▶ [INSTRUCTIONS FOR THE TASK]: Set down the listing exactly as given, minus images.

▶ [DATA]:

::::::::::

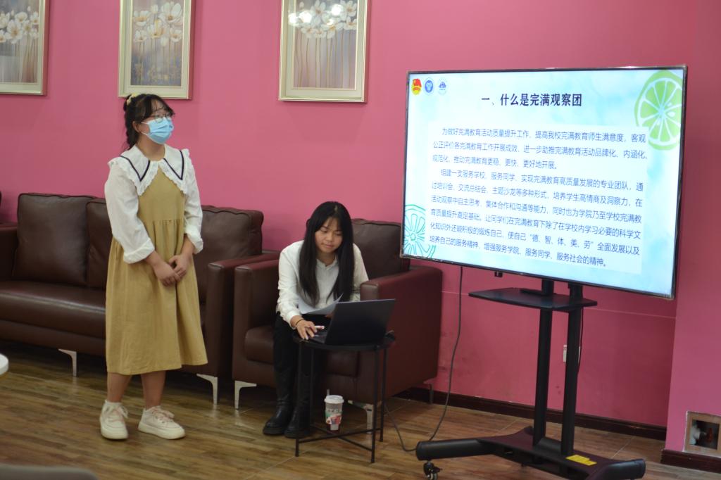 会议伊始,观察团成员的自我介绍活跃了现场氛围。紧接着外国语学院Starlight完满观察团团长黄建对观察团进行了介绍。团长介绍到完满观察团是一支服务学校、服务同学、实现完满教育高质量发展的专业团队。在培养学生高情商及洞察力的同时,也要求观察团成员拥有自主思考、集体合作和沟通等能力。团长提出,各成员们要尽快适应并且熟悉新工作新环境,要加强成员与成员之间的沟通交流,以便后续观察工作的展开。
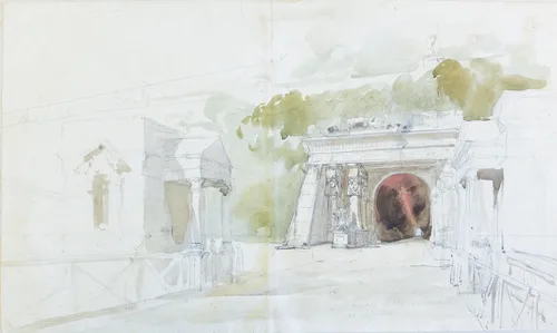 ceruza, akvarell, papír, 279 × 475 mm
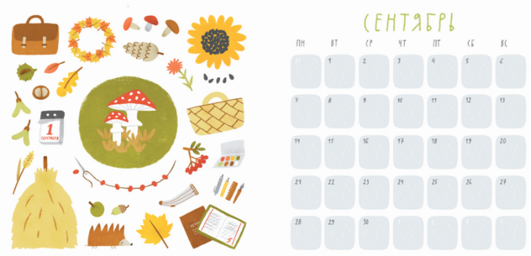 На его страницах изображены своего рода напоминания и подсказки, что можно сделать в этом месяце, на что обратить внимание, что вспомнить. В календарной сетке удобно делать записи о самых ярких моментах прошедшего дня.2-3 слова (за маленького ребенка с его слов может писать мама):

::::::::::

▶ [TASK RESPONSE]:
 会议伊始,观察团成员的自我介绍活跃了现场氛围。紧接着外国语学院Starlight完满观察团团长黄建对观察团进行了介绍。团长介绍到完满观察团是一支服务学校、服务同学、实现完满教育高质量发展的专业团队。在培养学生高情商及洞察力的同时,也要求观察团成员拥有自主思考、集体合作和沟通等能力。团长提出,各成员们要尽快适应并且熟悉新工作新环境,要加强成员与成员之间的沟通交流,以便后续观察工作的展开。
 ceruza, akvarell, papír, 279 × 475 mm
 На его страницах изображены своего рода напоминания и подсказки, что можно сделать в этом месяце, на что обратить внимание, что вспомнить. В календарной сетке удобно делать записи о самых ярких моментах прошедшего дня.2-3 слова (за маленького ребенка с его слов может писать мама):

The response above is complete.